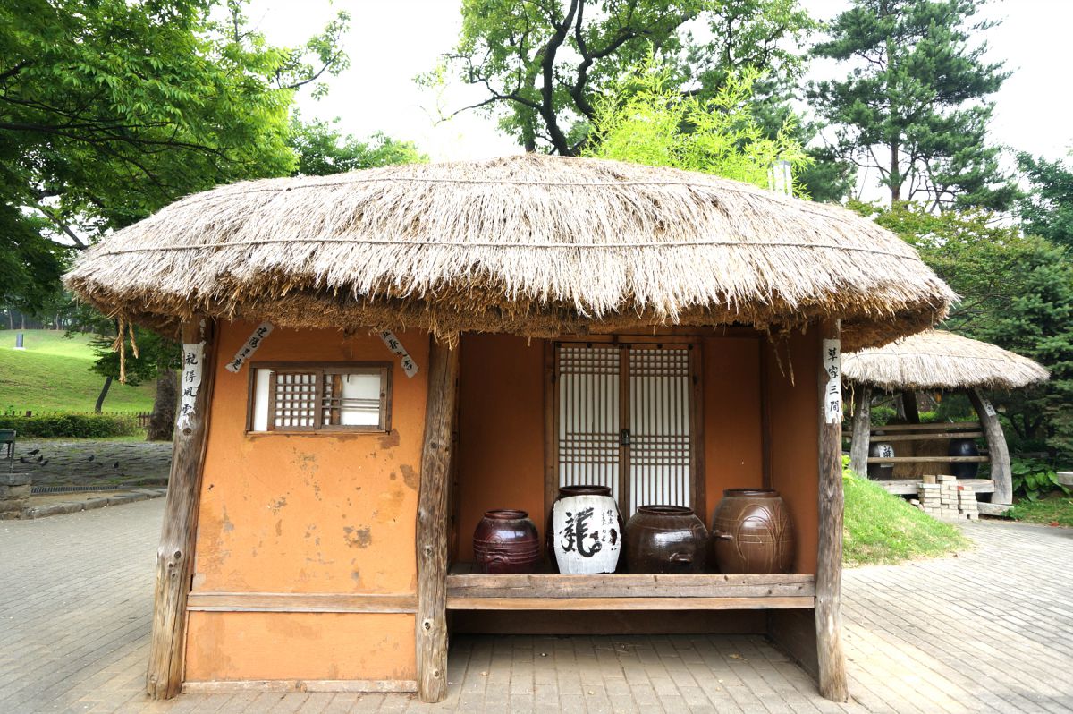 초가삼간, 입춘대길 등의 한자와 장독대가 시골의 정취를 자아내고 있습니다. ^^
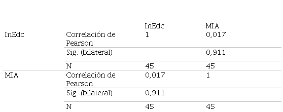 La educación inclusiva (InEdc) y los mecanismos de integración del alumnado (MIA), tiene como resultado correlacional de 0,017, según Hernández, Fernández, Baptista (2010), corresponde a una correlación positiva muy débil, lo cual implica que existe inclusión educativa pero la misma debe ser profundizada con la finalidad de incrementar su efectividad en favor de los alumnos en su proceso educativo. Así mismo, al no existir significancia bilateral significativa, se rechaza la hipótesis afirmativa y se acepta la nula, por lo cual se requiere promover esfuerzos que consoliden la inclusión educativa en la unidad educacional objeto de investigación. Siendo uno de estos esfuerzos, la formación integral de los docentes con la finalidad de que conozcan y aborden diversas estrategias para estimular la integración asertiva de los estudiantes en perspectiva de una educación inclusiva y de calidad (Silva, 2018).
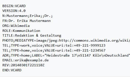 Bild 8: Ein verbreitetes Format zum Umgang mit Kontaktdaten ist das standardisierte vCard 4.0
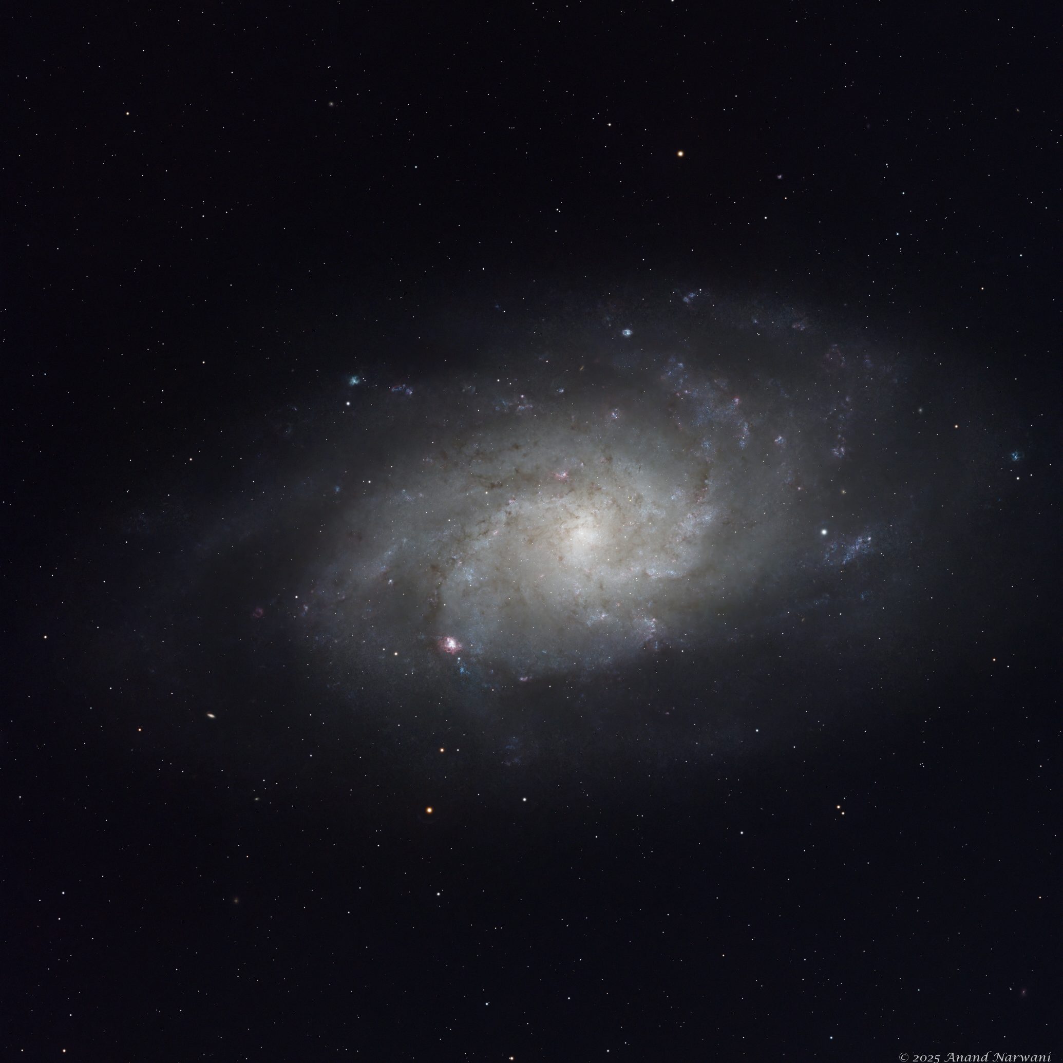 A spiral galaxy located in the constellation Triangulum (shaped like a Triangle no less!). M33 is smallest of the three galaxies in our local group: The Andromeda Galaxy (M31) and our own milky way are the other two. The Blue colored regions show regions of rapid star birth and if you look closely you'll see a number of bright nebula within the arms of the galaxy.
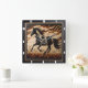 Bring the beauty of nature into your home with this stunning wall clock featuring a majestic black and white Paint horse trotting through a sunlit field. The clock is elegantly framed by a ½-inch flat black wooden border, showcasing deep carvings and rugged burn marks that add a unique, rustic charm. Crafted to simulate the look of real wood, this piece offers the warmth of natural textures without the maintenance, making it a perfect addition to any decor.
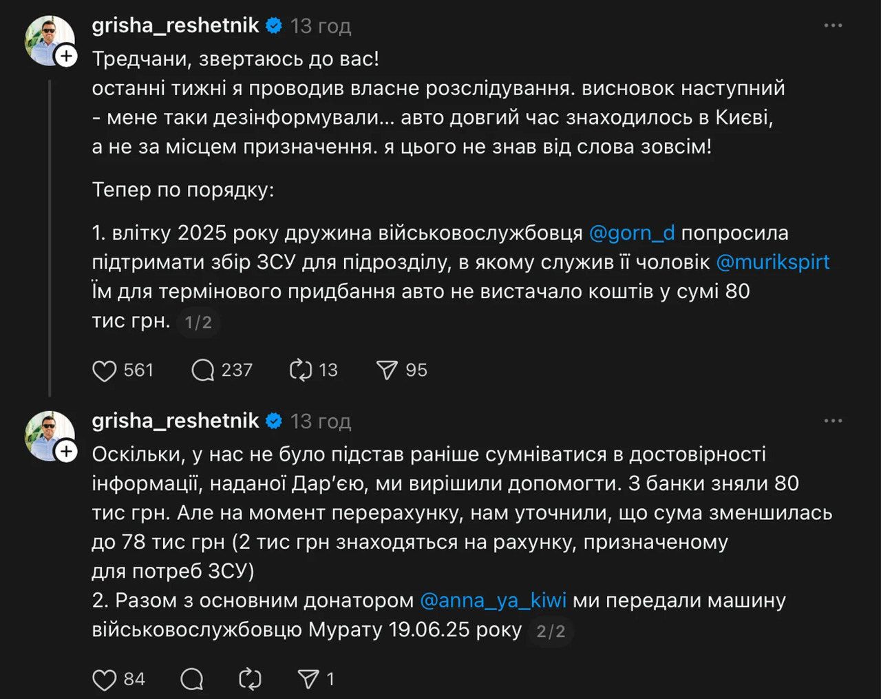 Решетнік повідомив, що авто вже на фронті та допомагає виконувати бойові завдання нашим захисникам. А 22 січня він уточнив ситуацію у Threads.
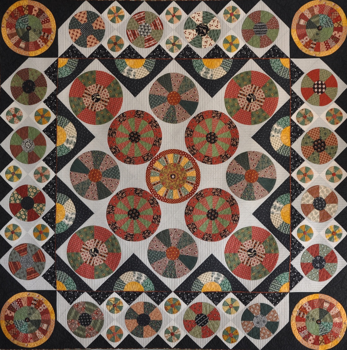 Propelled is a quilt that I designed in about 2005 and finished in 2009, and it is a big quilt at 235 cm square. It has interesting selection of reproduction style fabrics in madders, greens, shirtings and blacks.
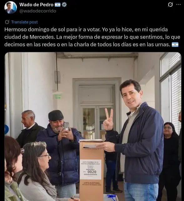 Uno de los episodios más tensos se produjo precisamente en la mesa 20, donde votó el exministro del Interior y dirigente mercedino Eduardo “Wado” de Pedro, hermano de crianza de Ustárroz. En la escuela Normal Superior General Justo José de Urquiza, una mujer denunció que no pudo sufragar porque en el padrón aparecía como si ya lo hubiera hecho. El reclamo derivó en una fuerte discusión dentro del colegio, con intervención de la Junta Electoral y las autoridades de mesa.
+ + +
■ Assignment:
Starting at the line above that holds "La educación inclusiva", return each line up to and including the one that holds "A spiral galaxy", exactly as written, minus any pictures.

■ Answer to this problem:
 La educación inclusiva (InEdc) y los mecanismos de integración del alumnado (MIA), tiene como resultado correlacional de 0,017, según Hernández, Fernández, Baptista (2010), corresponde a una correlación positiva muy débil, lo cual implica que existe inclusión educativa pero la misma debe ser profundizada con la finalidad de incrementar su efectividad en favor de los alumnos en su proceso educativo. Así mismo, al no existir significancia bilateral significativa, se rechaza la hipótesis afirmativa y se acepta la nula, por lo cual se requiere promover esfuerzos que consoliden la inclusión educativa en la unidad educacional objeto de investigación. Siendo uno de estos esfuerzos, la formación integral de los docentes con la finalidad de que conozcan y aborden diversas estrategias para estimular la integración asertiva de los estudiantes en perspectiva de una educación inclusiva y de calidad (Silva, 2018).
 Bild 8: Ein verbreitetes Format zum Umgang mit Kontaktdaten ist das standardisierte vCard 4.0
 A spiral galaxy located in the constellation Triangulum (shaped like a Triangle no less!). M33 is smallest of the three galaxies in our local group: The Andromeda Galaxy (M31) and our own milky way are the other two. The Blue colored regions show regions of rapid star birth and if you look closely you'll see a number of bright nebula within the arms of the galaxy.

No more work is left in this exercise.